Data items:
[Start of Attachment]

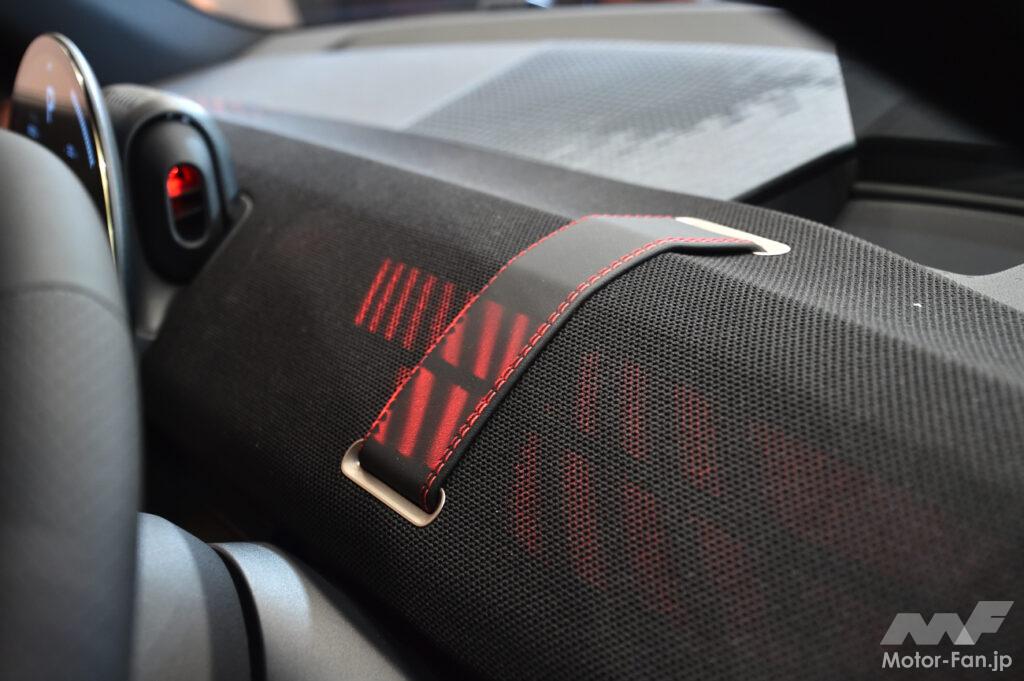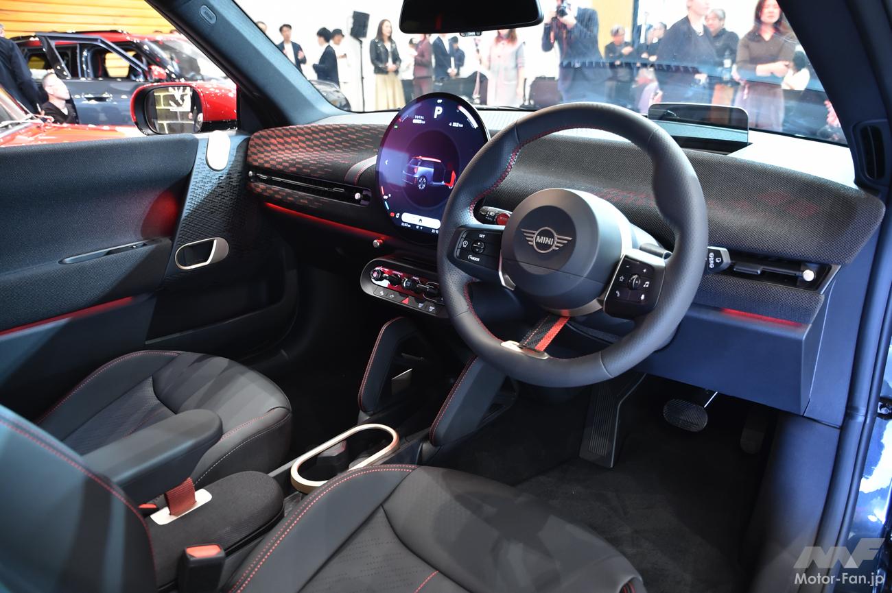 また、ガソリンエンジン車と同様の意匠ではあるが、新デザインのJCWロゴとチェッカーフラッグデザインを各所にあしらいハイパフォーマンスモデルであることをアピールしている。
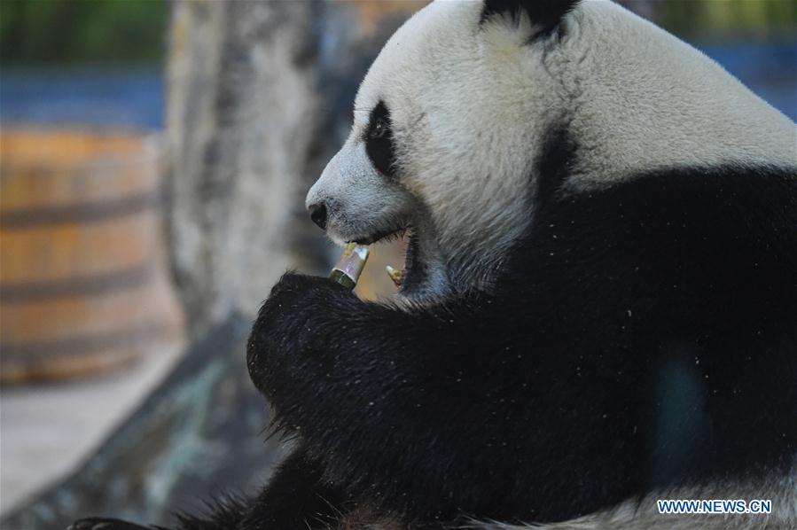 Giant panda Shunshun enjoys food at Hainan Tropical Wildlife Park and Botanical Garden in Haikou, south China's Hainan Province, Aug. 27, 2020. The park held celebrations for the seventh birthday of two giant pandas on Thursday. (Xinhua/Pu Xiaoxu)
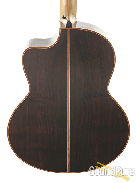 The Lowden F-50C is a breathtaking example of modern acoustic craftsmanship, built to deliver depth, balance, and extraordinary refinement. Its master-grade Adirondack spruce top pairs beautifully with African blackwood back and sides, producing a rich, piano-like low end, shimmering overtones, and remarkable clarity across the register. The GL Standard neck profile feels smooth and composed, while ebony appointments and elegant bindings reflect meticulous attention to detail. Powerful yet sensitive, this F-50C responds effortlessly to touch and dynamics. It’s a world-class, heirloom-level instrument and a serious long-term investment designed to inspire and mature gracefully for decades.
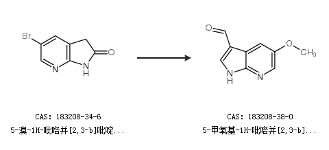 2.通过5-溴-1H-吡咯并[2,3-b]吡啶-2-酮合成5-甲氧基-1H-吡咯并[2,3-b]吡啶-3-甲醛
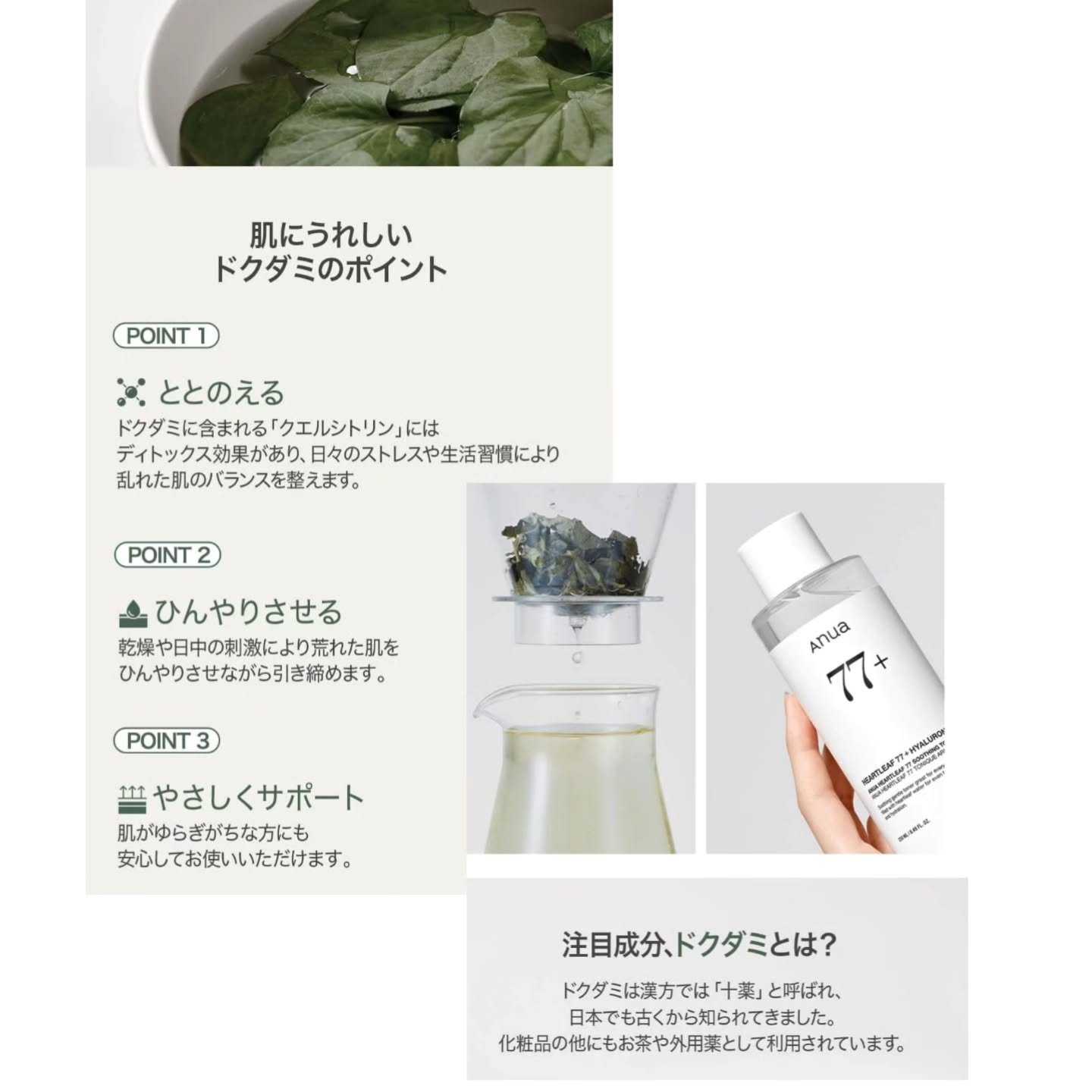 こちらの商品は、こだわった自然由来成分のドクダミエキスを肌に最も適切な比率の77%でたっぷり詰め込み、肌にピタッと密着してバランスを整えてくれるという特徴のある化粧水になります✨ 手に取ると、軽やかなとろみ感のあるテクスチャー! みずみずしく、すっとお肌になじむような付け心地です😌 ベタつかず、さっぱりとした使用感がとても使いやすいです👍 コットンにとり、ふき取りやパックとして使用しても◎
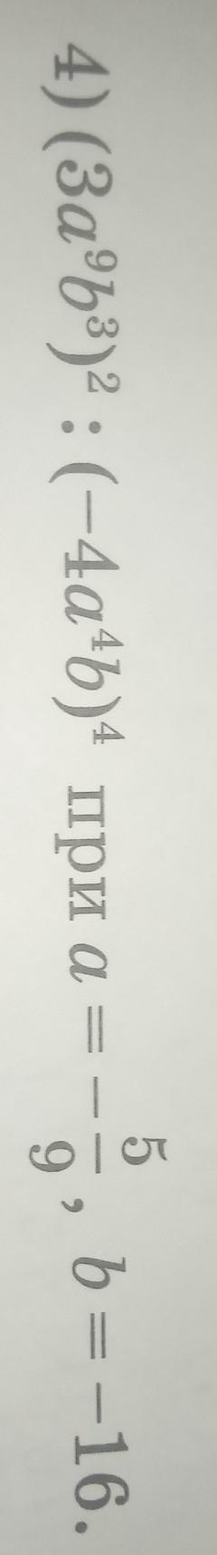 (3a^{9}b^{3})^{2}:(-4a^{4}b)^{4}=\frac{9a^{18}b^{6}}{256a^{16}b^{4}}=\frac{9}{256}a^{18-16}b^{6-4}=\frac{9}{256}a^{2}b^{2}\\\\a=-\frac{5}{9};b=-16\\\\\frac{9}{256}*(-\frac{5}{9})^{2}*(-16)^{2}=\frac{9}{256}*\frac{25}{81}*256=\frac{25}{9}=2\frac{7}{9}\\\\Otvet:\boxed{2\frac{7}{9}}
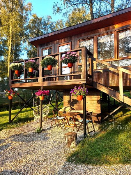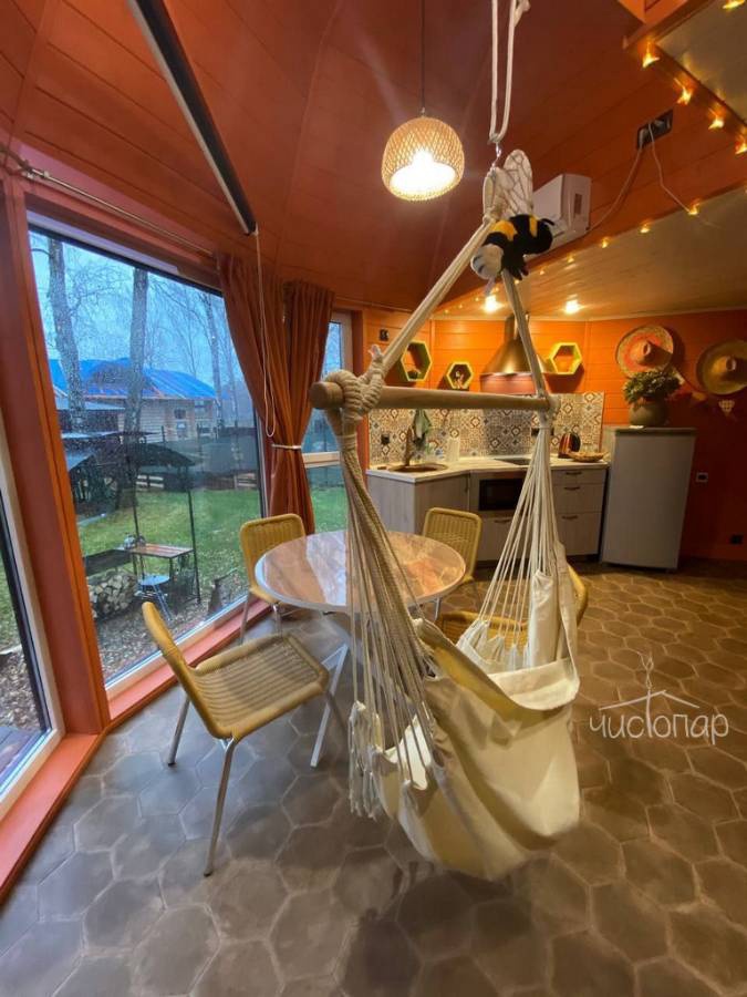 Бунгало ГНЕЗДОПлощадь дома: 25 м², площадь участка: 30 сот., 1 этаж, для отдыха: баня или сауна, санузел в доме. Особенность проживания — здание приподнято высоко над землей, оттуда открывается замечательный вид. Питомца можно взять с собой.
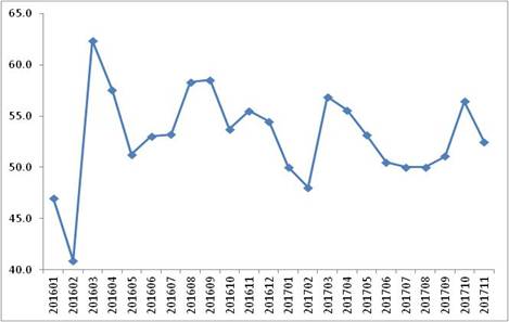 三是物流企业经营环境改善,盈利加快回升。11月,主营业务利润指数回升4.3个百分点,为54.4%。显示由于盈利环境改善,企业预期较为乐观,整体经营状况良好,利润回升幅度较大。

[End of Attachment]

Each line above should be printed again exactly, though the pictures should not be.

 また、ガソリンエンジン車と同様の意匠ではあるが、新デザインのJCWロゴとチェッカーフラッグデザインを各所にあしらいハイパフォーマンスモデルであることをアピールしている。
 Giant panda Shunshun enjoys food at Hainan Tropical Wildlife Park and Botanical Garden in Haikou, south China's Hainan Province, Aug. 27, 2020. The park held celebrations for the seventh birthday of two giant pandas on Thursday. (Xinhua/Pu Xiaoxu)
 The Lowden F-50C is a breathtaking example of modern acoustic craftsmanship, built to deliver depth, balance, and extraordinary refinement. Its master-grade Adirondack spruce top pairs beautifully with African blackwood back and sides, producing a rich, piano-like low end, shimmering overtones, and remarkable clarity across the register. The GL Standard neck profile feels smooth and composed, while ebony appointments and elegant bindings reflect meticulous attention to detail. Powerful yet sensitive, this F-50C responds effortlessly to touch and dynamics. It’s a world-class, heirloom-level instrument and a serious long-term investment designed to inspire and mature gracefully for decades.
 2.通过5-溴-1H-吡咯并[2,3-b]吡啶-2-酮合成5-甲氧基-1H-吡咯并[2,3-b]吡啶-3-甲醛
 こちらの商品は、こだわった自然由来成分のドクダミエキスを肌に最も適切な比率の77%でたっぷり詰め込み、肌にピタッと密着してバランスを整えてくれるという特徴のある化粧水になります✨ 手に取ると、軽やかなとろみ感のあるテクスチャー! みずみずしく、すっとお肌になじむような付け心地です😌 ベタつかず、さっぱりとした使用感がとても使いやすいです👍 コットンにとり、ふき取りやパックとして使用しても◎
 (3a^{9}b^{3})^{2}:(-4a^{4}b)^{4}=\frac{9a^{18}b^{6}}{256a^{16}b^{4}}=\frac{9}{256}a^{18-16}b^{6-4}=\frac{9}{256}a^{2}b^{2}\\\\a=-\frac{5}{9};b=-16\\\\\frac{9}{256}*(-\frac{5}{9})^{2}*(-16)^{2}=\frac{9}{256}*\frac{25}{81}*256=\frac{25}{9}=2\frac{7}{9}\\\\Otvet:\boxed{2\frac{7}{9}}
 Бунгало ГНЕЗДОПлощадь дома: 25 м², площадь участка: 30 сот., 1 этаж, для отдыха: баня или сауна, санузел в доме. Особенность проживания — здание приподнято высоко над землей, оттуда открывается замечательный вид. Питомца можно взять с собой.
 三是物流企业经营环境改善,盈利加快回升。11月,主营业务利润指数回升4.3个百分点,为54.4%。显示由于盈利环境改善,企业预期较为乐观,整体经营状况良好,利润回升幅度较大。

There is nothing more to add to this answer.